Exactly and only the lines below from the one containing "The system automatically" down to the one containing "Tahoe Enameled Cast" are wanted, both included; please exclude every picture.

——

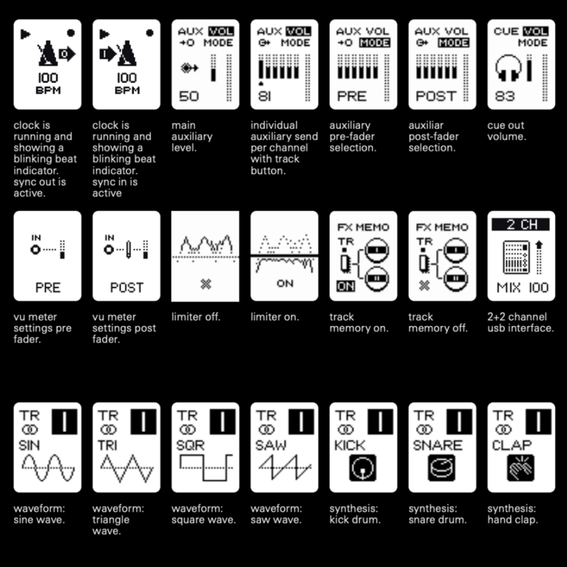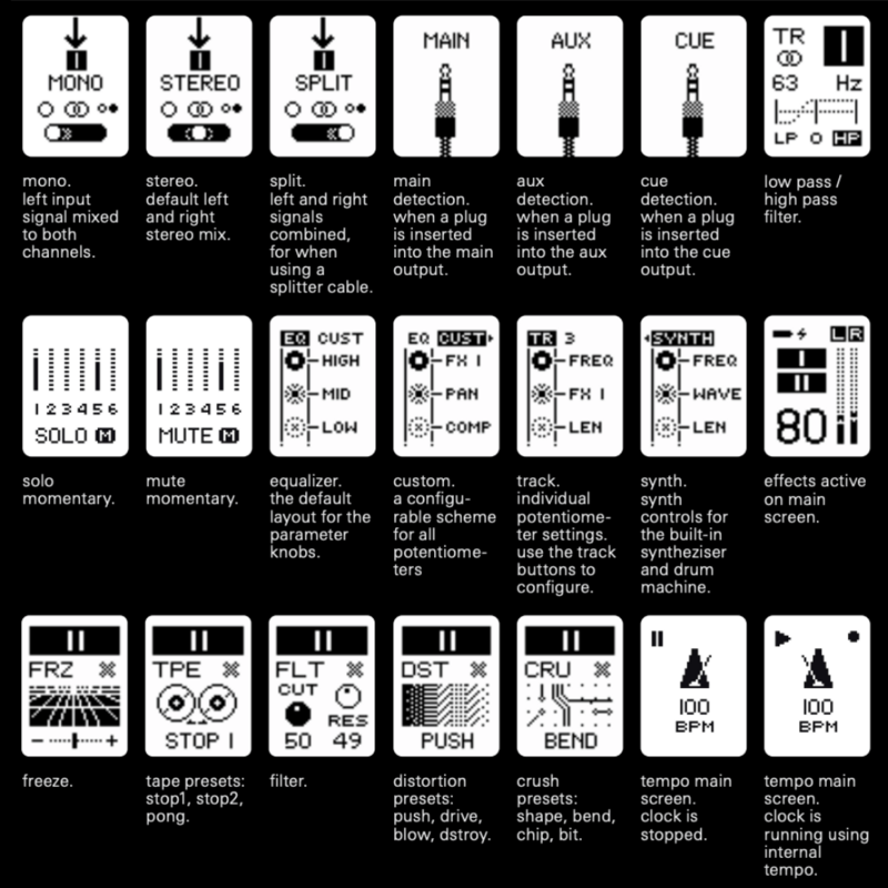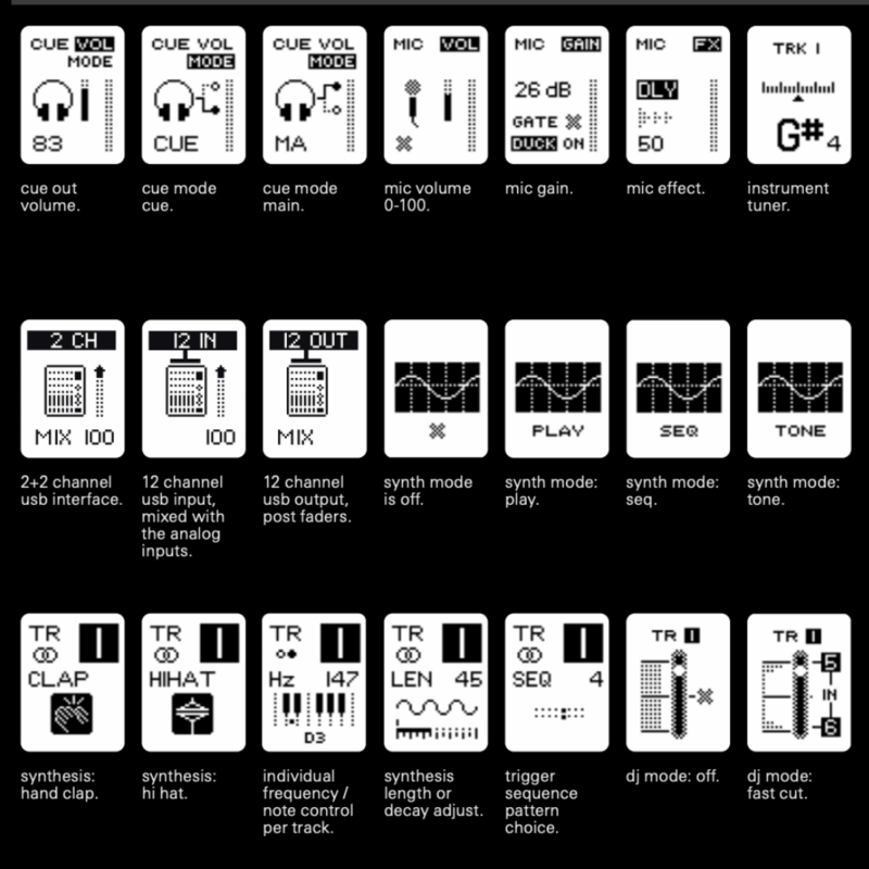 每通道設有一個迷你推桿與三個可自訂旋鈕,可切換 EQ、濾波、增益、壓縮等參數。主控部分提供兩組立體聲特效(涵蓋混響、延遲、合唱、失真、錄音帶等)、高品質母帶效果與 AUX send/CUE 分軌監聽。另具備內建調音器、簡易鼓機、合成器功能,可搭配外部 MIDI 訊號自由演奏。
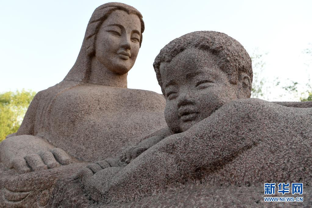 这是在兰州市七里河区黄河之滨拍摄的黄河母亲雕塑(5月8日摄)。
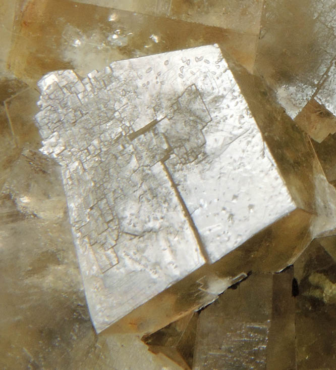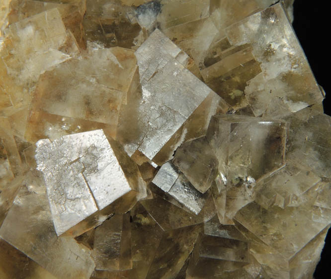 | Description: | Lustrous transparent yellow cubic fluorite crystals that are interpenetrant-twinned. The fluorite crystals have subtle crystallization patterns on the surfaces that give them slightly silky luster. The fluorite fluoresces violet under SW UV illumination. |
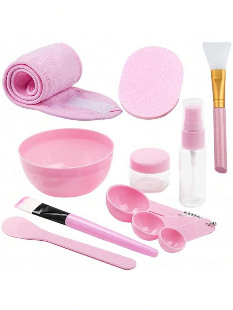 SHEIN مجموعة خلط قناع سيليكون 11 قطعة وردي للوجه والشعر
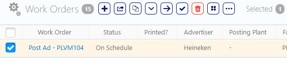 The system automatically generates work orders for posting tasks. To remove a posting from a face, you can delete the associated pin. This action will automatically cancel the corresponding work order.
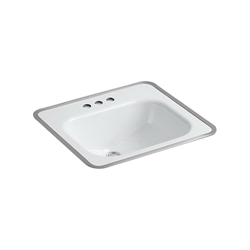 Tahoe Enameled Cast Iron 3-Hole Single-Bowl Rectangular Drop-In Bathroom Sink, 20 in L x 18 in W x 8-1/2 in H, Center Drain, White
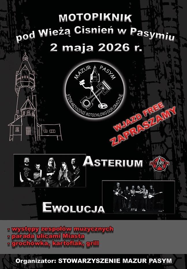 Motopiknik pod Wieżą Ciśnień w Pasyminiu to wspaniałe wydarzenie, które łączy miłośników muzyki i motoryzacji. Impreza oferuje wyjątkową atmosferę z występami zespołów oraz atrakcjami dla uczestników.Program wydarzeniaWystępy zespołów muzycznych: Asterium i Ewolucja.Parada ulicami miasta.Rozmaite pr...
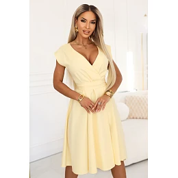 348-13 SCARLETT rozšířené midi šaty s obálkovým výstřihem a páskem - máslově žluté

——

**Exercise result**
 The system automatically generates work orders for posting tasks. To remove a posting from a face, you can delete the associated pin. This action will automatically cancel the corresponding work order.
 Tahoe Enameled Cast Iron 3-Hole Single-Bowl Rectangular Drop-In Bathroom Sink, 20 in L x 18 in W x 8-1/2 in H, Center Drain, White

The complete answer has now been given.